Add Stock on Top of a Business Valuation? Say What?

As an independent business valuer I get to see lots of valuations done by others. Some are great, some make me cringe. One of the most common mistakes I see is when stock or other operating assets like trade debtors are added on top of the business valuation.

When using an earnings multiple or discount cash flow method, the value calculated is generally an enterprise value. This value already includes everything necessary to operate the business at the expected levels of profitability. For this value the purchaser gets everything necessary for that price.

This value already includes an ordinary amount of working capital, equipment, and intellectual property. To add any of these on top of the valuation would mean that the rates of return would change, making the valuation plain wrong.

You would be forgiven for thinking that this is a rookie error made only by up and coming valuers.
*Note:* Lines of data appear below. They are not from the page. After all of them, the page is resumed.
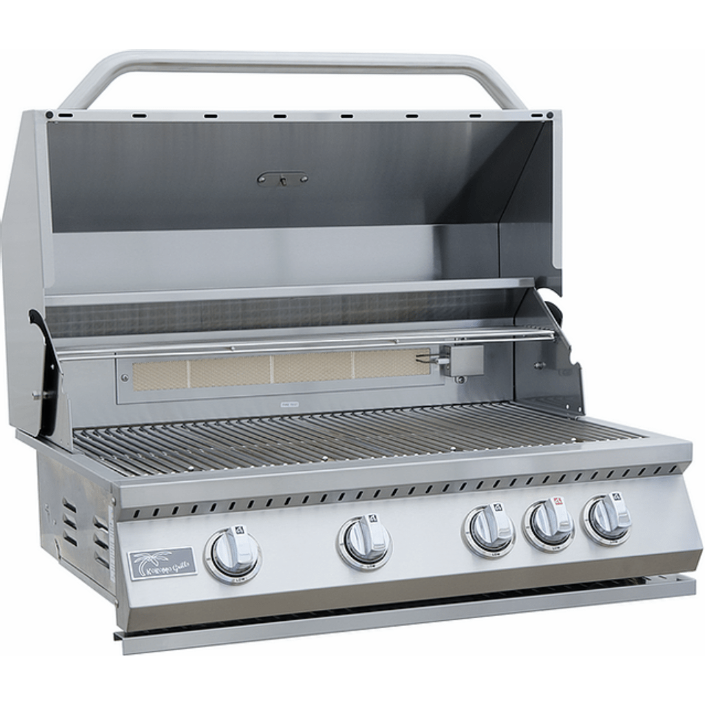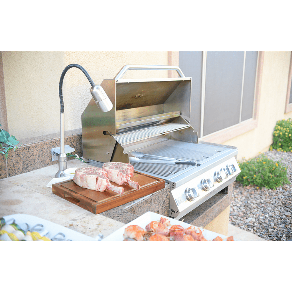 Entertain and barbecue four Burner 32" Built-in BBQ Grill with family and friends at your outdoor kitchen area. This Built-in BBQ grill has complete control with 4 independent heat controls for indirect cooking and 1 control knob for the Infrared Rotisserie back burner.
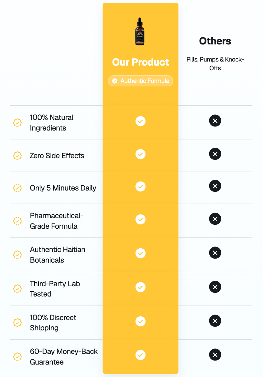 Ayiti Max Power Oil is 100% natural, applied topically, and never enters your bloodstream. Every ingredient is clearly listed. No hidden drugs. No systemic side effects. Just pure botanical extracts that work with your body, not against it.
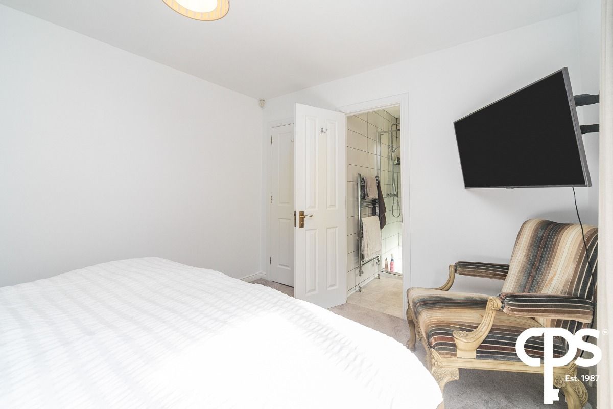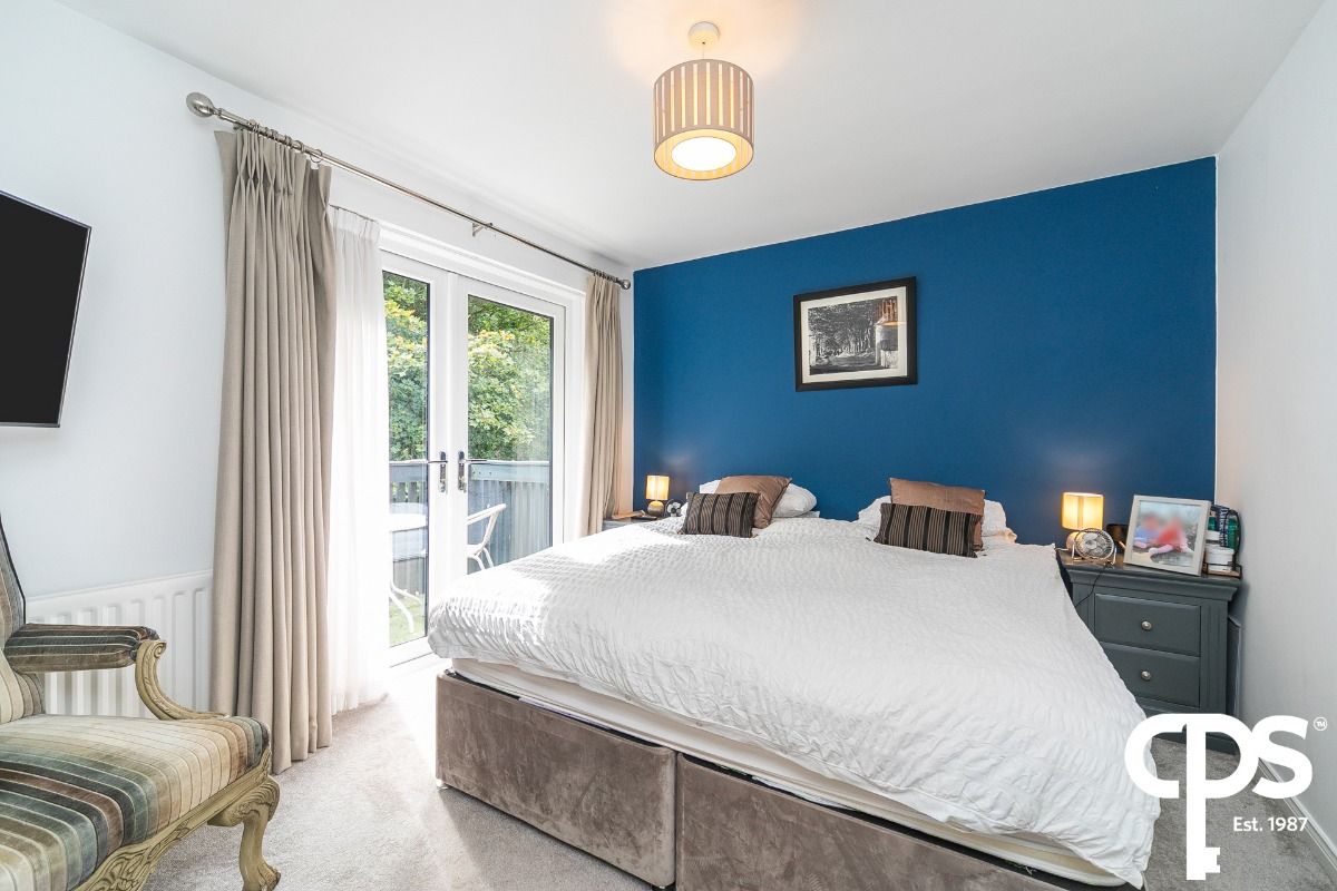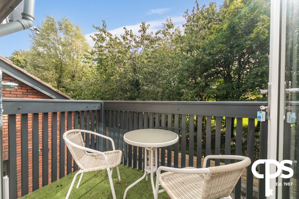 Upstairs, the principal bedroom features an ensuite and private balcony with space for a bistro set. Three further bedrooms and a stylish family bathroom complete the accommodation.

Just the other day I witnessed this error being made by a business broker who was providing his expert opinion for a shareholder litigation case. He had been writing these kinds of expert reports for a long time, and I’m probably the first person to point out that his method is not supported by any valuation text book I’ve ever seen. I was sure to point this out to the solicitors on both sides in my critique of his report.

Forgive me for my cynicism, but this is the problem with the regulation landscape for business valuations in Australia. There is no regulation. So if you can convince people you are a good valuer then you get the job. I recently wrote an entire article about what to look for in a good business valuer. You might want to look it up.

The lesson: Business valuations using any earnings method already include the value of operating assets and liabilities. To add these on top would be double counting. But beware that any non-operating assets or liabilities are adjusted to the value of the business as a final step. The key is to understand the difference between operating and non-operating. This is done case-by-case and is a matter of judgement. No spreadsheet or automated software will do this thinking for you.